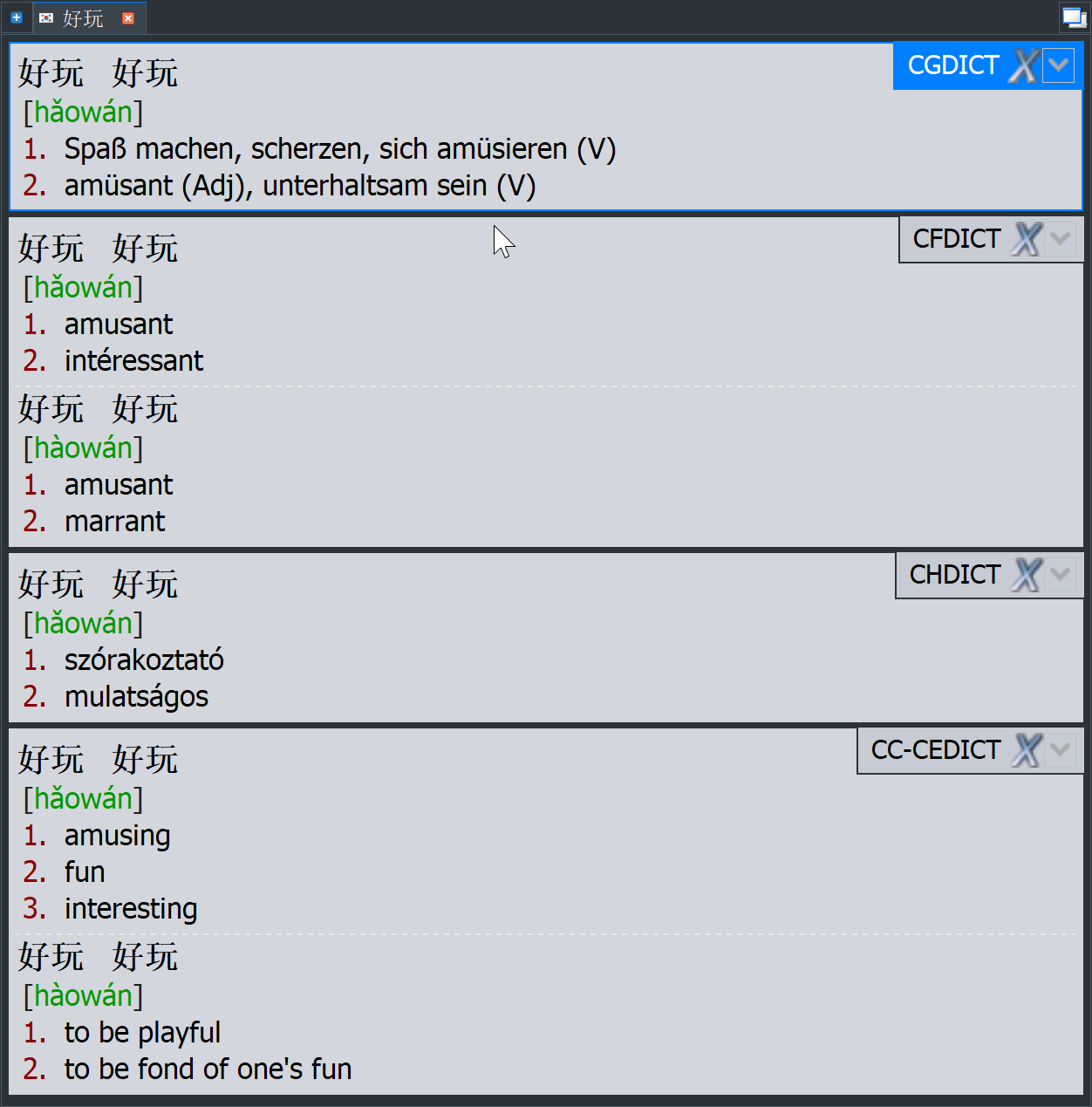 上述几部词典均为简明词典,在GoldenDict++中有着相同的表现样式:
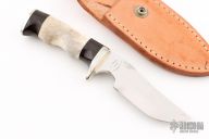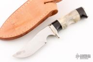 This knife by Wallace Landrum features a mirror polished blade with notched thumbrest, .154" blade stock and 1.154" blade depth, hidden tang construction. The handle has a nickel silver guard and butt, stag grip and black/wood spacers. Comes with a brown leather sheath, but the keeper is missing the snap. Has some light patina, otherwise good  condition.
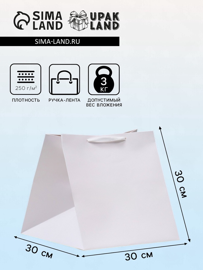 Пакет для торта и коробок, с широким дном, белый, 30×30×30 см — Характеристики
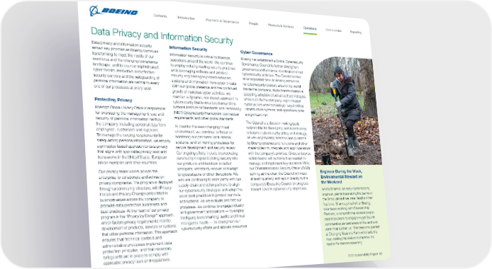 Data Privacy and Information Security Data privacy and information security remain key priorities as Boeing continues transforming to meet the needs of our workforce and the changing compliance landscape, and to counter sophisticated cyber threats. Innovative and effective security controls and the safeguarding of personal information are central to every one of our processes at every layer. Protecting Privacy Boeing’s Global Privacy Office is responsible for overseeing the management, use and security of personal information held by the company, including personal data from employees, customers and suppliers. To manage the varying requirements for safeguarding personal information, we employ a principles-based approach to data privacy that aligns with applicable privacy laws and frameworks in the United States, European Union members and other countries. Our privacy team works across the enterprise to collaborate and advise on privacy compliance. The program is deployed through a community structure, with Privacy Focals and Privacy Champs embedded in business areas across the company to promote data protection awareness and best practices. At the heart of our privacy program is the “Privacy by Design” approach, which factors privacy requirements into the development of products, services or systems that utilize personal information. This approach ensures that technical controls and administrative processes implement data protection principles, and that necessary safeguards are in place to comply with applicable privacy laws and regulations. Information Security Information security is critical to Boeing’s operations around the world. We continue to employ industry-leading security practices while leveraging software and product security engineering to protect networks, systems and information from cyber threats. With our global presence and the continued growth of malicious cyber activities, we maintain a dynamic, risk-based approach to cybersecurity that is structured around the National Institute of Standards and Technology (NIST) Cybersecurity Framework, contractual requirements and other global standards. To counter the ever-changing threat environment, we continue to focus on bolstering our perimeter and internal systems, and on honing processes for secure development and security review. Our ongoing efforts include incorporating zero trust principles building security into our products and services to better anticipate, withstand, recover and adapt to cyberattacks or other disruptions. We also are continuing to work jointly with our supply chain and other partners to align our cybersecurity strategies and adopt the latest best practices to protect our data and systems. As we evaluate and test our processes, we continue to engage industry and government associations — to employ third-party benchmarking, audits and threat intelligence feeds — to strengthen our cybersecurity efforts and allocate resources. Cyber Governance Boeing has established a Global Cybersecurity Governance Council to further strengthen governance and enhance coordination of our cybersecurity activities. The Council comes at an important time as Boeing enhances its cybersecurity posture around the world. Inside the company, digital transformation is speeding adoption of advanced technologies, while outside the company, sophisticated cyber actors who increasingly target critical infrastructure systems and operations pose a significant risk. The Council is a decision-making body responsible for developing and coordinating enterprise cybersecurity policy and strategy, as well as providing direction and guidance to Boeing cybersecurity functions and other stakeholders to integrate and align operations with the company’s priorities. Cross-enterprise action teams will be formed as needed to manage and implement key decisions. With our Chief Information Security Officer (CISO) serving as the chair, the Council will meet at least quarterly and report directly to the company’s Executive Council on progress toward specific cybersecurity objectives. Engineer During the Week, Environmental Steward on the Weekend Ankita Sharma, an early-career Boeing engineer, plants trees along the banks of the Snoqualmie River near Seattle in her free time. Sharma joined other Boeing volunteers working with Stewardship Partners, a nonprofit that creates people- based solutions to engage Puget Sound communities as caretakers of the land and water that sustain us. The trees she planted at Changing Seasons Farm will shade the river, cooling the waters to improve the habitat for salmon spawning. 2022 Sustainability Report 60 Contents People Introduction Communities Operations Reporting Approach & Governance Products & Services
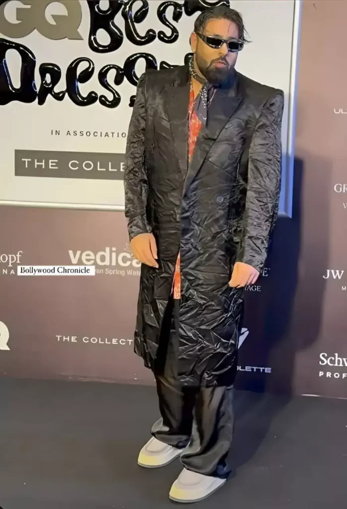 Known for his daring fashion choices and revolutionising rap in India, Badshah recently made headlines for an unusual ensemble he donned to an award presentation. The rapper, who is well-known for songs like Let’s Nacho, Tareefan, and Garmi, shocked fans by showing up in an enormous, wrinkled black coat. This outfit rapidly gained popularity and sparked a tonne of online comparisons.
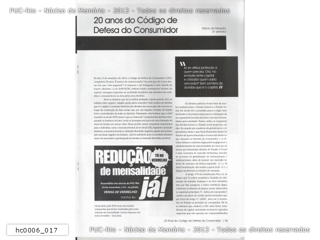Artigo sobre os vinte anos do Código de Defesa do Consumidor (CDC)na edição de Novembro de 2010, ano XV do jornal 'O Pilotís Jurídico'. |

Exercise goal ▸
The line with "Known for his" and each line after it, through the final line of the data, are to be duplicated exactly, with pictures left out and nothing more included.

Reply to the exercise ▸
 Known for his daring fashion choices and revolutionising rap in India, Badshah recently made headlines for an unusual ensemble he donned to an award presentation. The rapper, who is well-known for songs like Let’s Nacho, Tareefan, and Garmi, shocked fans by showing up in an enormous, wrinkled black coat. This outfit rapidly gained popularity and sparked a tonne of online comparisons.
Artigo sobre os vinte anos do Código de Defesa do Consumidor (CDC)na edição de Novembro de 2010, ano XV do jornal 'O Pilotís Jurídico'. |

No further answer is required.